KUOW Photo/Megan Farmer

This month, Uber and Lyft drivers got a small raise. That’s because a new Seattle law kicked in that increased how much money drivers earn per ride.

It's too soon to know the law's full impact. But drivers say some kinds of rides are now paying more.

Uber driver Papa Diawara says he’s seen a small bump in his pay from Uber. For example, when he drives someone to the airport. Before the law went into effect, he earned $20 or $22 taking someone to the airport. Now he says he earns $26 to $28.

At least, that's true for fares originating in Seattle. When he turns around at the airport to take a new rider back to Seattle, the fare originates in SeaTac, and so doesn't benefit from the Seattle law requiring higher pay.

Few drivers expect their line of work to be lucrative during the pandemic. Many drivers have stopped driving altogether, fearing being in a confined space with a stranger in the time of Covid-19.

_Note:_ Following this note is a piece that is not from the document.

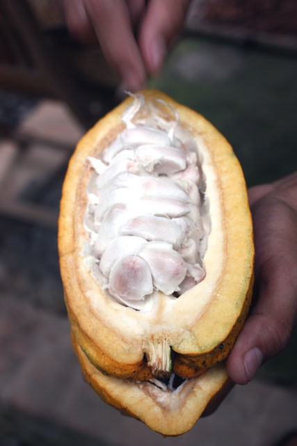 Sur place, on goûte à du cacao frais! C’est surprenant; on dirait plutôt une noix très douce, avec un minime rappel de cacao dans le beurre blanc qui l’entoure!
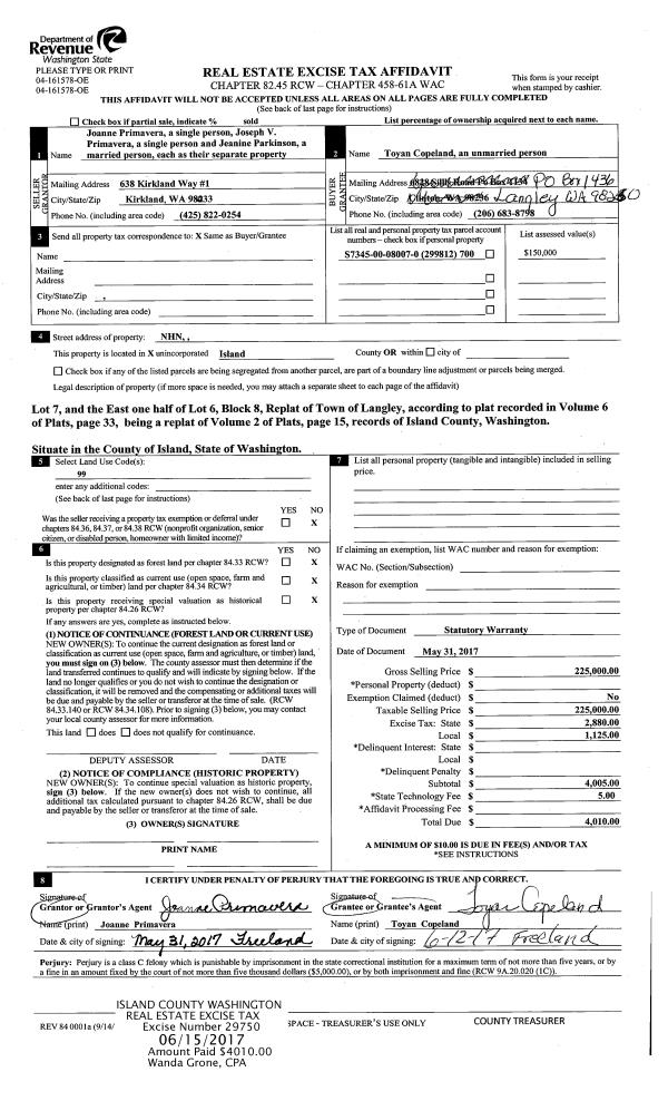| 1 | 08/09/2017 | WD | Warranty Deed | KVAM, ERIK & PAULA | LEUSCHEL III, OTTO H | | | $700,000.00 | 30591 | 4427945 |

Drivers who have continued working say the small raises help now and will help even more when the economy comes back. Driver Jamel Jara says he notices the increase most when he's giving very short trips.

"Before, sometimes they pay you $2.97 for very short trips," he said. "But starting in January, in Seattle the minimum payment is $5.00. It's a big change."

Jara said it doesn't seem like much, but those short trips add up quickly. Jara said he will use the money to buy food for his family, and for his education (he's studying computer science).

The higher pay is being phased in and will be at full strength by April.

Uber worries the higher fares will scare off riders.

"There's every reason to believe that per trip earning, the amount you're earning going from downtown Seattle to SeaTac, is going to go up because you're earning more per minute, and you're earning more per mile," said Harry Hartfield, an Uber spokesperson.

"The big question is what's going to happen to weekly and monthly earnings," he said. "If you're making more per trip, but you're doing fewer trips, you're not actually making more on a weekly or monthly basis. So we just need to see what the long-term impact is on trip volume before we can see the full impact of the law."

Dave Oehler, a driver with the industry-backed group Drive Forward, also worries that riders will turn away from ride sharing.

“People are going to be like, 'Well, that’s $20, but that used to be $13. Well, I’m just going to take mass transit now. Shoot, or I’m just gonna take one of those scooter bikes.'”

That could actually help in Seattle, as Uber and Lyft vehicles have been found to contribute to traffic congestion, or at least they did before the pandemic.

Most seem to agree that Seattle won’t be able to measure the effect of these pay increases until after the pandemic, when demand for ridesharing services presumably returns.

Seattle Mayor Jenny Durkan pushed for the changes after finding that driver wages, which are part of the gig economy and not subject to minimum wage laws, were paying drivers less than minimum wage, after accounting for business expenses such as gas and wear and tear on cars.